* **Your task**
Reproduce the section of the listing that begins at the line containing "Danse domestique , serpillières, 60" and finishes at the line containing "On prévoyait, certes, que". Include both end lines and nothing beyond them.

>>>

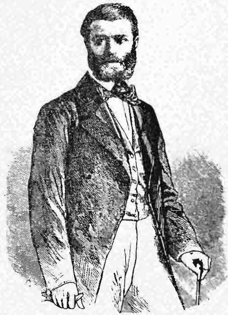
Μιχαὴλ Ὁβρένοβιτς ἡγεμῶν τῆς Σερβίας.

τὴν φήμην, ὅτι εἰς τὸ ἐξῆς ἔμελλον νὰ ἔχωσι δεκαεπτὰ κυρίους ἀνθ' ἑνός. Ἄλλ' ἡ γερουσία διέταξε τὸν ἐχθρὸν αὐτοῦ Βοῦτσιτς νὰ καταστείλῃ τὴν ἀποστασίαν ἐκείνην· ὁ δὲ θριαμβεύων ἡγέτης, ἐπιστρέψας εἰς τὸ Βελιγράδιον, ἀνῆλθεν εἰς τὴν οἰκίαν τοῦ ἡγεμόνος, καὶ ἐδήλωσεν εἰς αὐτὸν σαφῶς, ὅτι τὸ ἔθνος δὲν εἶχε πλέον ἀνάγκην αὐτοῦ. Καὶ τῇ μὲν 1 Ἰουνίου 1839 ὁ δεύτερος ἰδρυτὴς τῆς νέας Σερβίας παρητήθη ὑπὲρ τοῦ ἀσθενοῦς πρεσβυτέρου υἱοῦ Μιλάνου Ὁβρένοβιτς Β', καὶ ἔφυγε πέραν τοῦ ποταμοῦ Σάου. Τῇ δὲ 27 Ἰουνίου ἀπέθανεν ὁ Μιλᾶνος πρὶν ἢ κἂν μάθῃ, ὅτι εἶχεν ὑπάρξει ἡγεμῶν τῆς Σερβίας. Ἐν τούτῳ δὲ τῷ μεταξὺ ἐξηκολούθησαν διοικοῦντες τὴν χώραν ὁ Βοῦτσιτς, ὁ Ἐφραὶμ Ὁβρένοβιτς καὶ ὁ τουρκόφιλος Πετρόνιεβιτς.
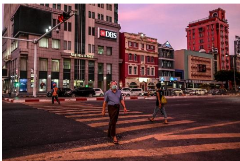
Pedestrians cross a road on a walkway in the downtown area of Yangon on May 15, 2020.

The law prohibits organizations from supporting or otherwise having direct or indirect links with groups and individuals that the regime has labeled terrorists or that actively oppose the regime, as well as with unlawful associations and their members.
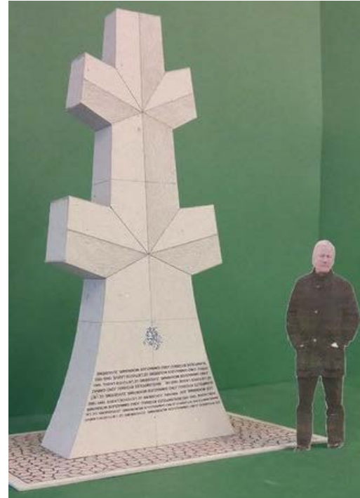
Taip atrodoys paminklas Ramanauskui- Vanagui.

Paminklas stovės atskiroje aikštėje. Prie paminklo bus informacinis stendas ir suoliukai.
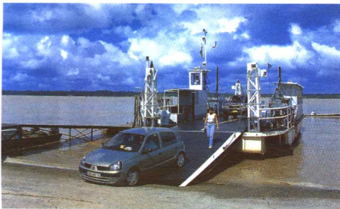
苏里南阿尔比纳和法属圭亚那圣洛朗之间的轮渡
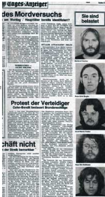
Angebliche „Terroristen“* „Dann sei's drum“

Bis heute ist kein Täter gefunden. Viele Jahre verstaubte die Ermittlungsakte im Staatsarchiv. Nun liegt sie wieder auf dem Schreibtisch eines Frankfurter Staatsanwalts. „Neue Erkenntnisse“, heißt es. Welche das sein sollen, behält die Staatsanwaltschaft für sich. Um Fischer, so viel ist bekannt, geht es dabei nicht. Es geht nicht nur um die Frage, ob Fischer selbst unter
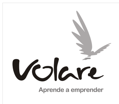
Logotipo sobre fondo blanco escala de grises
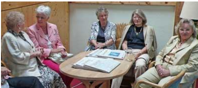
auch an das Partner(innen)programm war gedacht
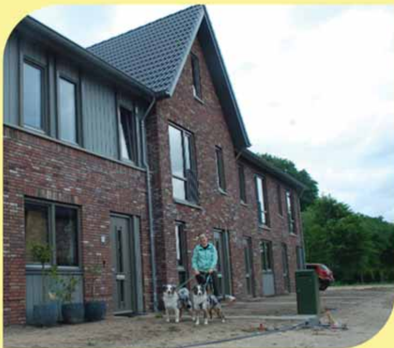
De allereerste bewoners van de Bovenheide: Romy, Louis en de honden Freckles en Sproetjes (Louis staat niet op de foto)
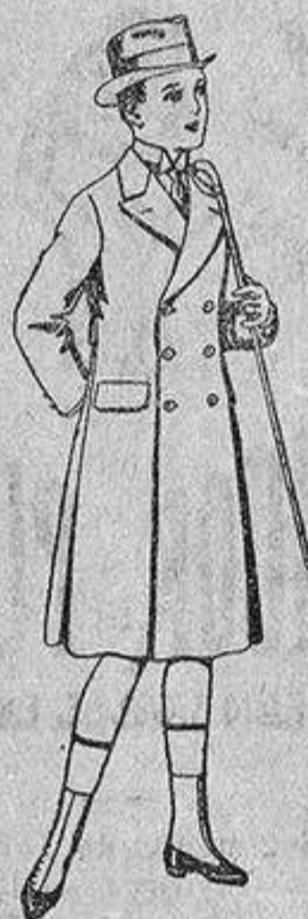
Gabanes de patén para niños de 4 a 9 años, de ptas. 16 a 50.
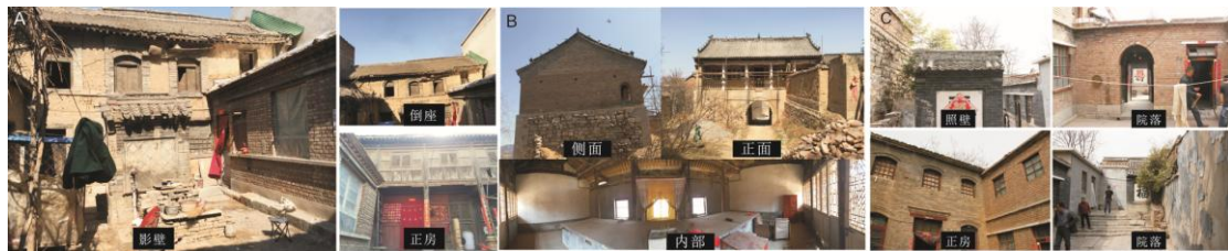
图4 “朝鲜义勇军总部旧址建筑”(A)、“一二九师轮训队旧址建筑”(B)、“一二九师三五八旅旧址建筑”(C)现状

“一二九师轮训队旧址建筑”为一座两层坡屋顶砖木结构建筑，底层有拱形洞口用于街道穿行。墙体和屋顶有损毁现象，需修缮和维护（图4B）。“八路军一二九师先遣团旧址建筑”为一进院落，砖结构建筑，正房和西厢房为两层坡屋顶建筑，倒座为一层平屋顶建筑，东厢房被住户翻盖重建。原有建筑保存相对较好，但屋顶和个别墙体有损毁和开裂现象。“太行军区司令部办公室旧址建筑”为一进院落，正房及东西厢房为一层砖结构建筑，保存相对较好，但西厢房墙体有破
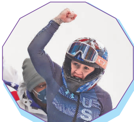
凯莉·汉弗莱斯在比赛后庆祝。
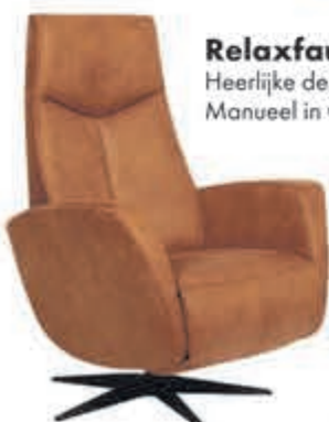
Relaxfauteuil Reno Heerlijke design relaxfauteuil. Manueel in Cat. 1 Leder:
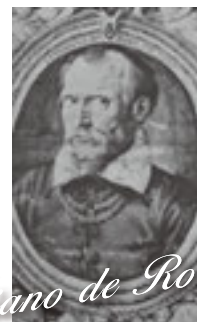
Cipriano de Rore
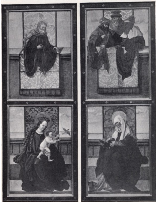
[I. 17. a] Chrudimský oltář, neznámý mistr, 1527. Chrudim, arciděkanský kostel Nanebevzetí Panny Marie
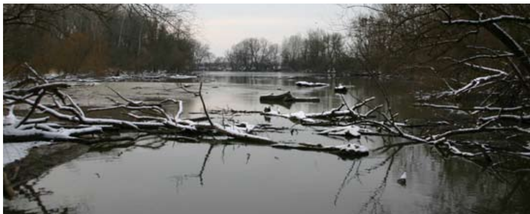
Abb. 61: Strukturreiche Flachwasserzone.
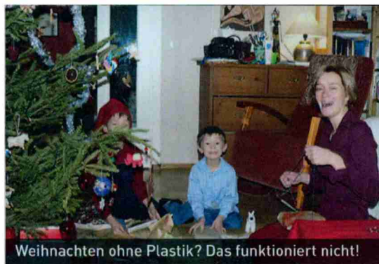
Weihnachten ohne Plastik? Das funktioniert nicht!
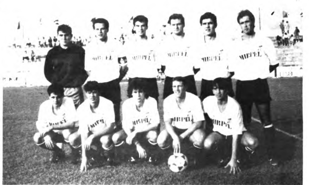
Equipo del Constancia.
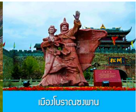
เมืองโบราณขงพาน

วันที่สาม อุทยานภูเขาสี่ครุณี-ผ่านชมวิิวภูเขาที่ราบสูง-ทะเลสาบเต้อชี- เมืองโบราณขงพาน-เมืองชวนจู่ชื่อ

<<<
>>>

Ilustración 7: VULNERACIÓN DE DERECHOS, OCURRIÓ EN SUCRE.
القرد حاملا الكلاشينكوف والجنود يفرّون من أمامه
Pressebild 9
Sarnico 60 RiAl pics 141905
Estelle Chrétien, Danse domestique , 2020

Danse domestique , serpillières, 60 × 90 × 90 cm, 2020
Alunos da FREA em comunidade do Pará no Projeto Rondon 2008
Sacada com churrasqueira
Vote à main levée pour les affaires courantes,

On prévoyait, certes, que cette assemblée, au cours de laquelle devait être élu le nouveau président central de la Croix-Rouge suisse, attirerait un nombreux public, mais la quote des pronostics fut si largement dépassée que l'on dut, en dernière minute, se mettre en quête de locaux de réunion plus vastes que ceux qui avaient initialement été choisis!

<<<

* **Answer**
Danse domestique , serpillières, 60 × 90 × 90 cm, 2020
Alunos da FREA em comunidade do Pará no Projeto Rondon 2008
Sacada com churrasqueira
Vote à main levée pour les affaires courantes,

On prévoyait, certes, que cette assemblée, au cours de laquelle devait être élu le nouveau président central de la Croix-Rouge suisse, attirerait un nombreux public, mais la quote des pronostics fut si largement dépassée que l'on dut, en dernière minute, se mettre en quête de locaux de réunion plus vastes que ceux qui avaient initialement été choisis!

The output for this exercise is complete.